Top of Raw data

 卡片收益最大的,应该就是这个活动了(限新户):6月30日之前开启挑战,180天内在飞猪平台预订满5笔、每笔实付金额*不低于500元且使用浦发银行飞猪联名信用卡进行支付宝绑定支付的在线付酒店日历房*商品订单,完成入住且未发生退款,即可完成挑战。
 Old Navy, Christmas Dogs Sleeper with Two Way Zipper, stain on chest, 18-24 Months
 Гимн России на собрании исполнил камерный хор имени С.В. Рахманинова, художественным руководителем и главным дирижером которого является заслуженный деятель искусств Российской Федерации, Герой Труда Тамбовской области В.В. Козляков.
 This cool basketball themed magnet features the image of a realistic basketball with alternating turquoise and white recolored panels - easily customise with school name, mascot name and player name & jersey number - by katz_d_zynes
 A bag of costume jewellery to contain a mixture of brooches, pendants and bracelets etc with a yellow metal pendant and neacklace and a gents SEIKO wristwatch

Bottom of Raw data
Top of Raw data

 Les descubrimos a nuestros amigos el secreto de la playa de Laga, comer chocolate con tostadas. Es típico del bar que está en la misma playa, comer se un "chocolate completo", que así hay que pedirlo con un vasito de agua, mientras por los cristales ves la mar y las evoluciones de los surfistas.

Bottom of Raw data

Problem details: The required output is the stretch of entries above from the line containing "Old Navy, Christmas" through the line containing "This cool basketball", reproduced exactly.

Completed task:
 Old Navy, Christmas Dogs Sleeper with Two Way Zipper, stain on chest, 18-24 Months
 Гимн России на собрании исполнил камерный хор имени С.В. Рахманинова, художественным руководителем и главным дирижером которого является заслуженный деятель искусств Российской Федерации, Герой Труда Тамбовской области В.В. Козляков.
 This cool basketball themed magnet features the image of a realistic basketball with alternating turquoise and white recolored panels - easily customise with school name, mascot name and player name & jersey number - by katz_d_zynes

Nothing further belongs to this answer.